As to the claim that private respondents violated petitioners' right to self-organization, the evidence on record
does not support this claim. Petitioners relied almost entirely on documentary evidence which, per se, did not
prove any wrongdoing on private respondents' part. For example, petitioners presented their complaint 21 to
prove the violation of labor laws committed by private respondents. The complaint, however, is merely "the
pleading alleging the plaintiff's cause or causes of action." 22 Its contents are merely allegations, the verity of
which shall have to be proved during the trial. They likewise offered their Consolidated Affidavit of Merit and
Position Paper 23 which, like the offer of their Complaint, was a tautological exercise, and did not help nor
prove their cause. In like manner, the petition for certification election 24 and the subsequent order of
certification 25 merely proved that petitioners sought and acquired the status of bargaining agent for all rank-
and-file employees. Finally, the existence of the memorandum of agreement 26 offered to substantiate private
respondents' non-compliance therewith, did not prove either compliance or non-compliance, absent evidence of
concrete, overt acts in contravention of the provisions of the memorandum.
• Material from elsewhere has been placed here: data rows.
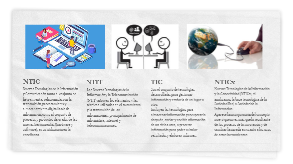 Nuevas Tecnologías de la Información y la Conectividad (NTICx), si analizamos la base tecnológica de la Sociedad Red, o Sociedad de la InformaciónAparece la incorporación del concepto nuevo que no es más que la resultante de los procesos de la innovación y de cambiar la mirada en cuanto a los usos de estas herramientas.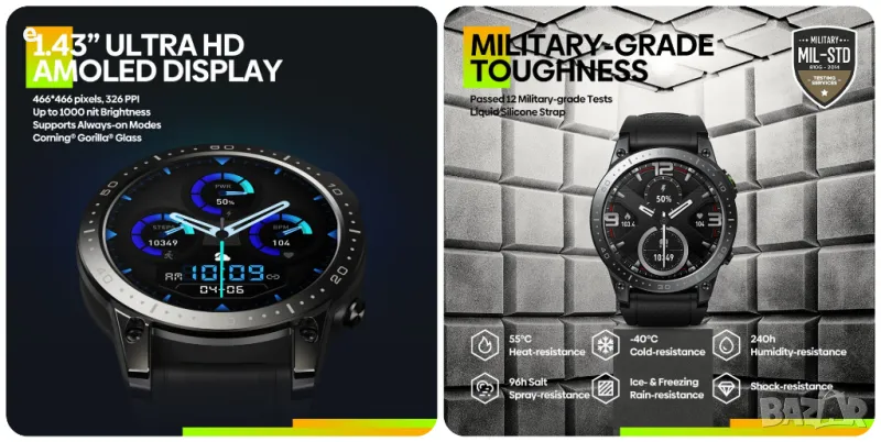 -Задвижван от усъвършенстван чип Realtek 8763EW, Ares 3 Pro предлага плавна работа и бърза реакция на вашите команди. Оборудван с 1,43-инчов Ultra HD AMOLED дисплей с разделителна способност 466 x 466 пиксела и яркост до 1000 нита, той винаги осигурява ясен достъп до информация, дори и в най-слънчевите дни. Освен това Ares 3 Pro предлага богат избор от циферблати, което ви позволява да променяте външния вид на своя смарт часовник всеки ден.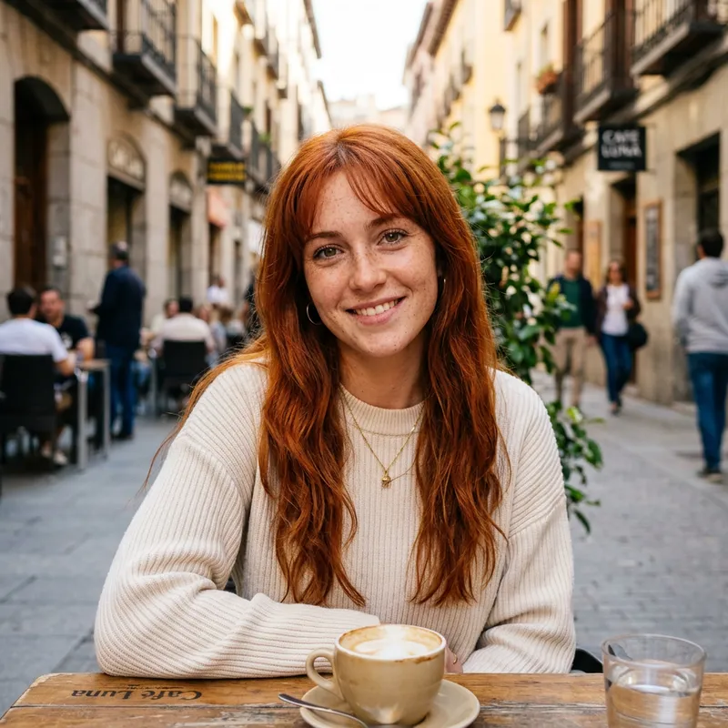 Spanish Woman with Red Hair, Freckles, and Korean-Style Bangs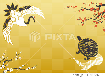 鶴と亀の背景イラスト素材 ベクター 和柄 敬老の日 年賀 金背景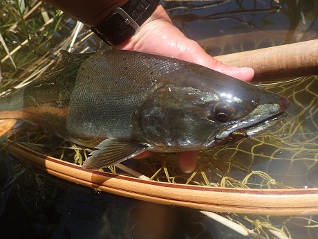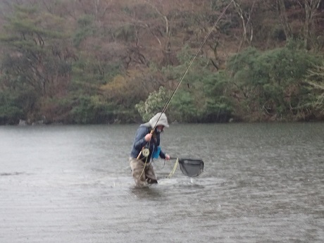ニジマスは50cm前後 湖ではWハンドを中心としたストリーマーから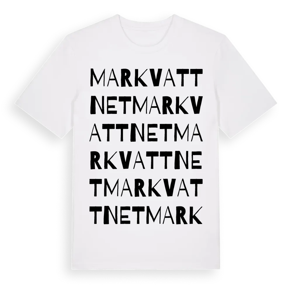 En ordlek byggd på Markvattnets namn. Subtilt och klurig – ett motiv som bara de som verkligen känner platsen fullt ut förstår. Premium bomull, unisex – från Markvattnet i Värmlands län.

IN VIEW WHEREOF, the instant petition is hereby GRANTED. The Resolution of the National Labor Relations
Commission of 29 March 1995 and the Decision of the Labor Arbiter of 27 July 1994 in NLRC Case No. RAB-
III-01-1964-91 are hereby SET ASIDE, and another is hereby rendered:

1. DECLARING petitioners to have been illegally dismissed by private respondents, thus entitled to full
back wages and other privileges, and separation pay in lieu of reinstatement at the rate of one month's salary
for every year of service with a fraction of six months of service considered as one year;

2. REMANDING the records of this case to the National Labor Relations Commission for its determination
of the back wages and other benefits and separation pay, taking into account the foregoing observations; and

3. DIRECTING the National Labor Relations Commission to resolve the referred issues within sixty (60)
days from its receipt of a copy of this decision and of the records of the case and to submit to this Court a
report of its compliance hereof within ten (10) days from the rendition of its resolution.
CASES ON LABOR STANDARDS MID-TERM 2014 PART 1



41


Costs against private respondents.

SO ORDERED.

Davide, Jr., Bellosillo, Vitug, Panganiban and Quisumbing, JJ., concur.